Credit risk is the risk of default or non-performance by portfolio companies equivalent to the investment’s carrying amount.
The Company is also exposed to credit risk related to maintaining all of its cash and cash equivalents including those in securitization accounts at a major financial institution and credit risk related to the derivative counterparty.
The Company has investments in lower rated and comparable quality unrated high yield bonds and bank loans. Investments in high yield investments are accompanied by a greater degree of credit risk. The risk of loss due to default by the issuer is significantly greater for holders of high yield securities, because such investments are generally unsecured and are often subordinated to other creditors of the issuer.
Investment Classification
The Company classifies its investments in accordance with the requirements of the 1940 Act. Under the 1940 Act, “Control Investments” are defined as investments in companies in which we own more than 25% of the voting securities or maintain greater than 50% of the board representation. Under the 1940 Act, “Affiliated Investments” are defined as those non-control investments in companies in which we own between 5% and 25% of the voting securities. Under the 1940 Act, “Non-affiliated Investments” are defined as investments that are neither Control Investments or Affiliated Investments.
Investment Valuation
The fair value of the Company’s assets and liabilities which qualify as financial instruments under Accounting Standards Codification (“ASC”) 825 (previously Statement of Financial Accounting Standards No. 107, “Disclosure About Fair Value of Financial Instruments”), approximates the carrying amounts presented in the consolidated balance sheets.
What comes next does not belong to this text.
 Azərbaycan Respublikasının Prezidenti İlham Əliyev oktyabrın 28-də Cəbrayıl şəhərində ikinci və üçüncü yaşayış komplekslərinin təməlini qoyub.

Investments for which market quotations are readily available are fair valued at such market quotations obtained from independent third party pricing services and market makers subject to any decision by our board of directors to make a fair value determination to reflect significant events or conditions affecting the value of these investments. We value investments for which market quotations are not readily available as stated above at fair value as determined in good faith by our board of directors based on input from our Manager, our audit committee and, if our board or audit committee so request, a third party independent valuation firm. Determinations of fair value may involve subjective judgments and estimates. The types of factors that may be considered in a fair value pricing include the nature and realizable value of any collateral, the portfolio company’s ability to make payments, market yield trend analysis, the markets in which the portfolio company does business, comparison to publicly traded companies, discounted cash flow and other relevant factors.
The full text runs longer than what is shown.